Thoughts on Teacher Developed Tests

© Robert A. Buckmaster 2022

When teachers think about testing they often have in mind such tests as Cambridge First or Advanced (the old FCE and CAE), or IELTS, or course book tests.

This is not the best model to follow when you want to create your own tests though. Tests like these are industrial scale tests (First, Advanced or IELTS) or imitative of industrialist scale tests (coursebook tests).

Industrial scale tests are designed to be given worldwide to large numbers of candidates and to be marked as efficiently (and as cheaply) as possible. Test security and standardization of test taker response – through multiple choice or cloze type items, for example – are key here. The use of live raters (expensive!) for the writing and speaking part has even been eliminated in Pearson tests, for example.

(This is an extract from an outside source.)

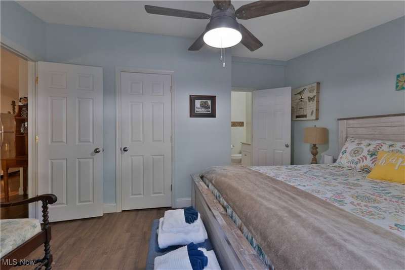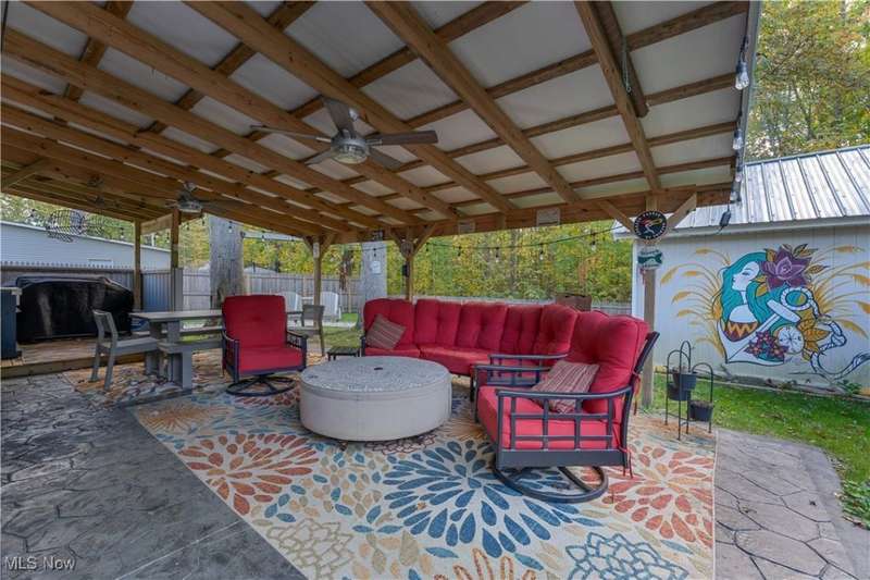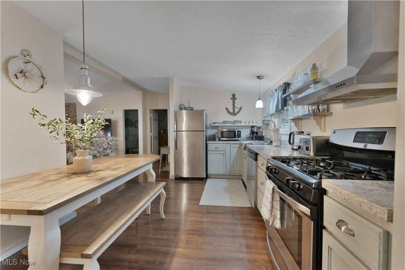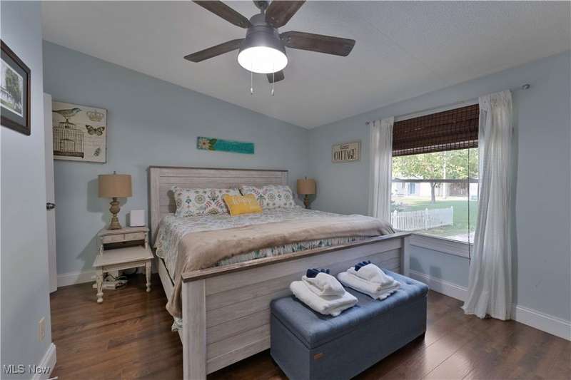 Welcome to your perfect retreat near the heart of Geneva-on-the-Lake! This beautifully maintained 3 bedroom, 2 bath manufactured home is being sold fully furnished and is ideally located just a golf cart ride from Geneva Township Park and the famous Geneva-on-the-Lake Strip. Enjoy the perfect blend of relaxation and recreation right at your doorstep. Inside, you'll find an inviting open floor plan that seamlessly connects the living, dining, and kitchen areas that are ideal for entertaining or cozy nights by the gas fireplace. The spacious eat-in kitchen offers plenty of room for gatherings, but the real highlight awaits outside: your own private backyard oasis. From dining alfresco on the stamped concrete covered patio, to relaxing under the covered hangout area, or enjoying quiet moments in the fully fenced yard, this serene outdoor space is perfect for unwinding or hosting guests. A storage shed provides added convenience, making this home as functional as it is comfortable. Whether you're seeking a summer getaway, a year-round residence, or a turnkey short-term rental, this property delivers. With its blend of comfort, charm, and unbeatable location, it's a standout opportunity in one of Northeast Ohio's most beloved lake destinations. Don't miss your chance to own this versatile, move-in ready home!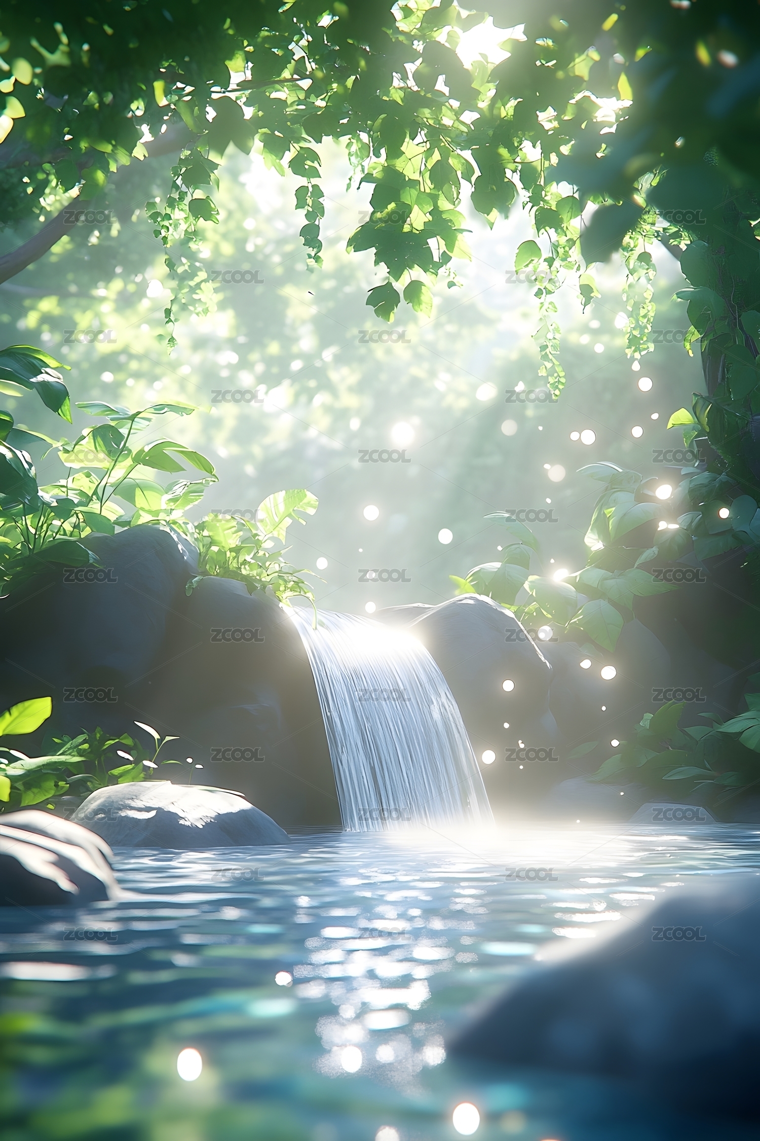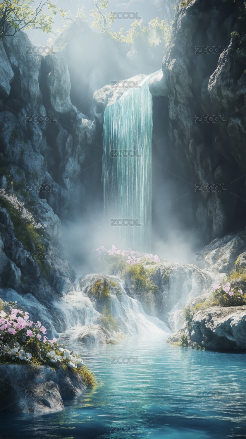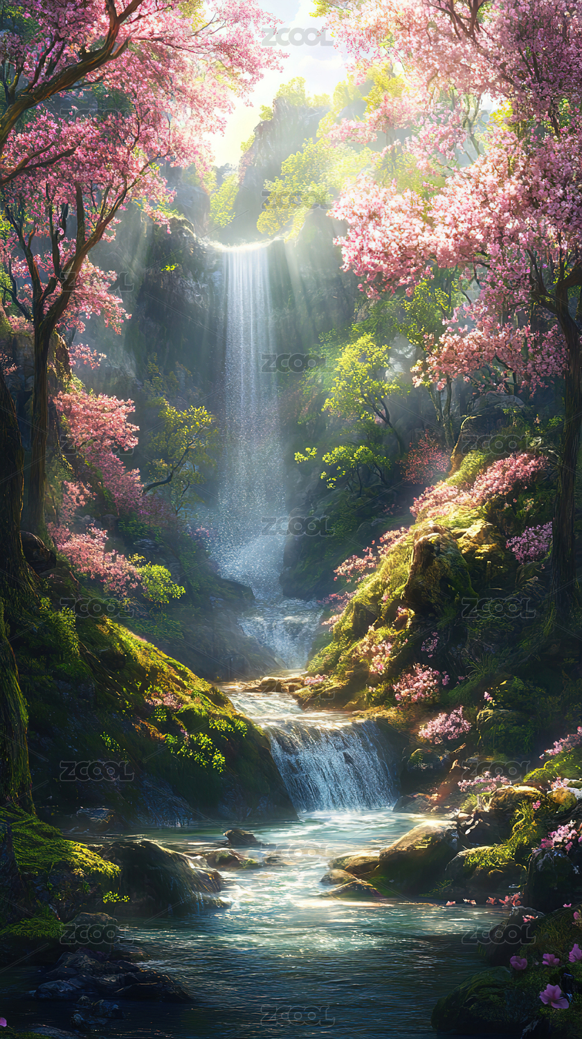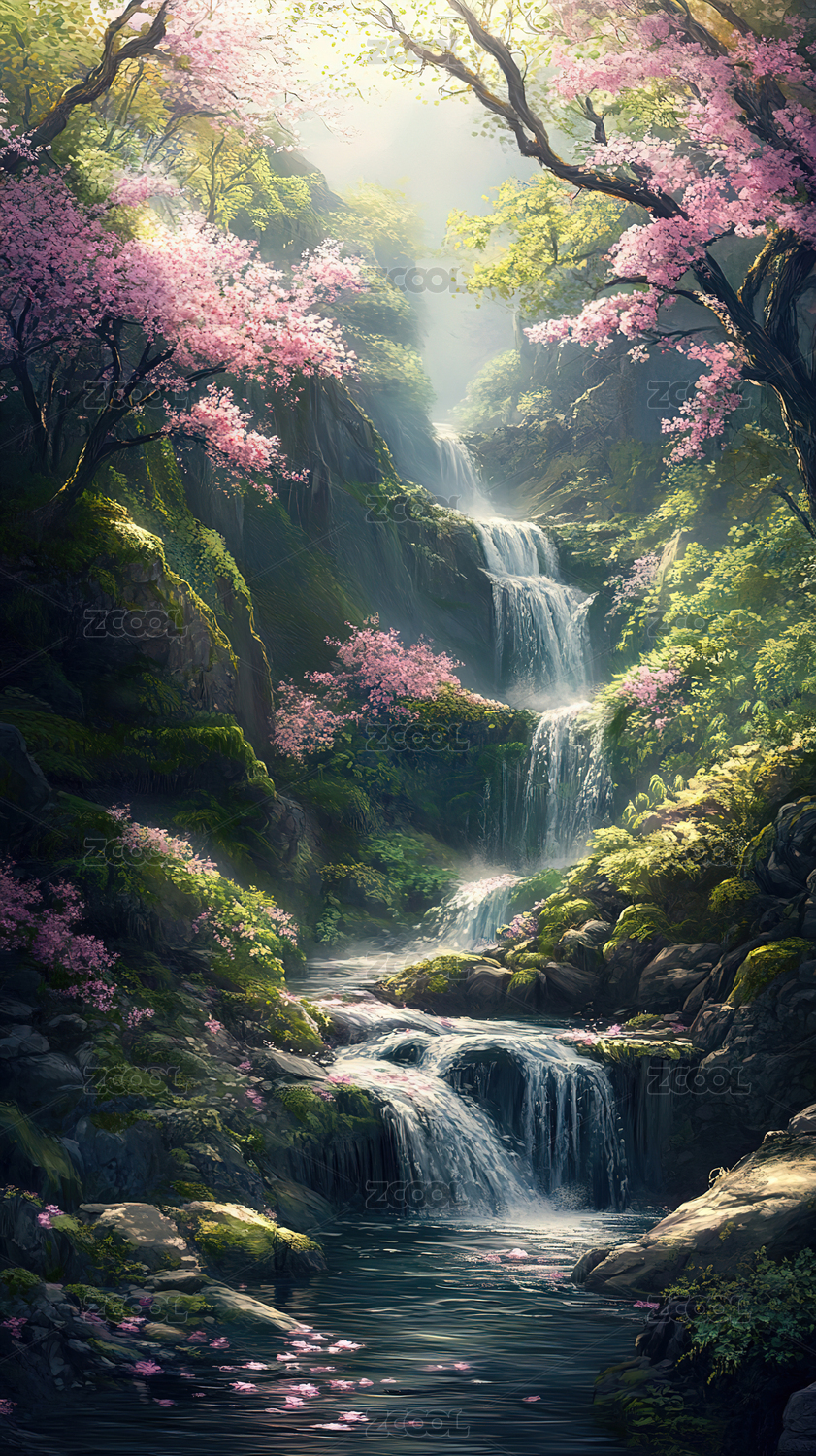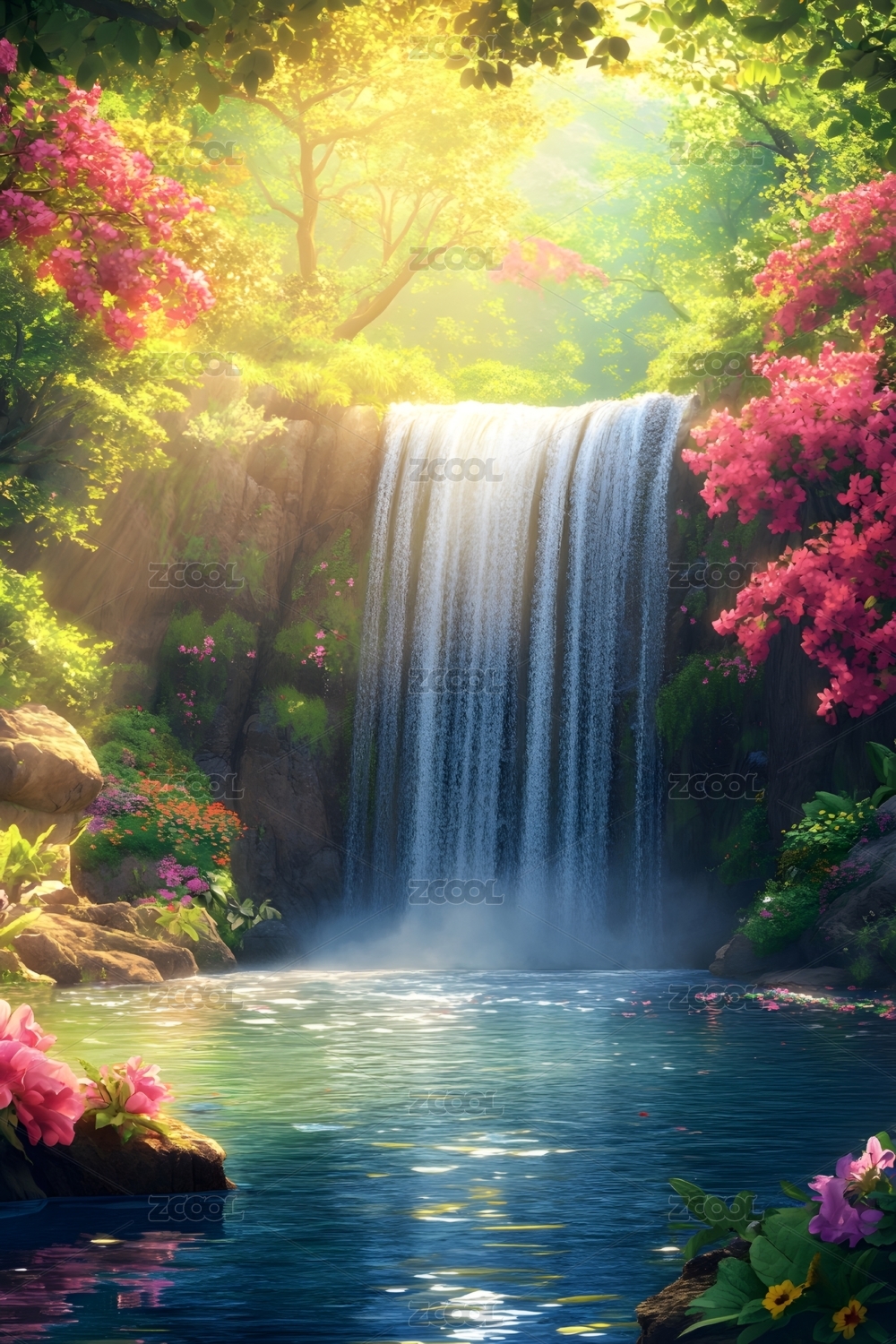 瀑布,花朵,森林,溪流,绿色,自然,清新,光影,苔藓

The only real direct testing of performance is in the writing and speaking parts. The reading paper, listening paper, and use of English paper (if there is one) are indirect and partial tests of candidate performance, with a large element of correlational inference i.e. if they can get this answer correct then they are probably level X, and we will combine this with the other evidence from the other questions to give your our opinion of their ability. Given enough questions we will be able to infer their level and performance ability (A, B or C) at this level. The partial picture gained from discrete item testing allows the test board to infer the level of the candidates. It is only an inference though from partial data. Because getting more information is more time consuming and more costly.

So, the data gained from such tests is only a partial picture, but this is not reason enough to reject such tests as the model for teacher developed tests. There are two other reasons why such tests are a bad idea for teachers. The first is that there are complex statistical procedures which need to be undertaken before you can say with any degree of confidence that your test items are valid and therefore that your inferences about the candidate performance as reasonable (but still might be wrong). Most teachers are not capable of carrying out such procedures and do not have the statistical tools anyway. The second reason is that it is very difficult to write good multiple choice items, for example, and then the items need to be trialed and tested and statistically analyzed. This is all beyond the capabilities of most teachers to do. And if you were to learn to do it, then you’d be an industrial tester. Teachers do not need to do this. There is another way.

The other way is to lean towards teachers’ strengths. Instead of spending time and effort in the attempt to become an industrial tester we should use our existing skills of setting up communicative tasks and evaluating student performance on these tasks. This is what you do all the time when monitoring tasks. If you ask the students to do a communicative task in pairs and then monitor them, and make a note of errors, then you are acting as a communicative tester-evaluator. And this is what we want.

You should think of communicative tasks which require the students to use English to get something done, appropriate to their level, ask them to do it and then evaluate their success. That’s it. That’s all you need to do in terms of testing as a teacher.

The tasks might require some reading or listening first and then a speaking and/or writing task. The success of the reading or listening element will be clear from the speaking or writing part. These will be integrated tests. Or they might just be a speaking or writing task.

Either way the task should be modeled on a real-life task which the students should be able to do. That way you do not need to do any pre-testing or statistical analysis of items or make inferences. You will have clear, direct evidence of the students’ actual ability to do real life tasks in English.

Do not aspire to be an industrial tester. Unless you want to take on Cambridge or Pearson. Embrace your teaching skills and become a communicative tester-evaluator.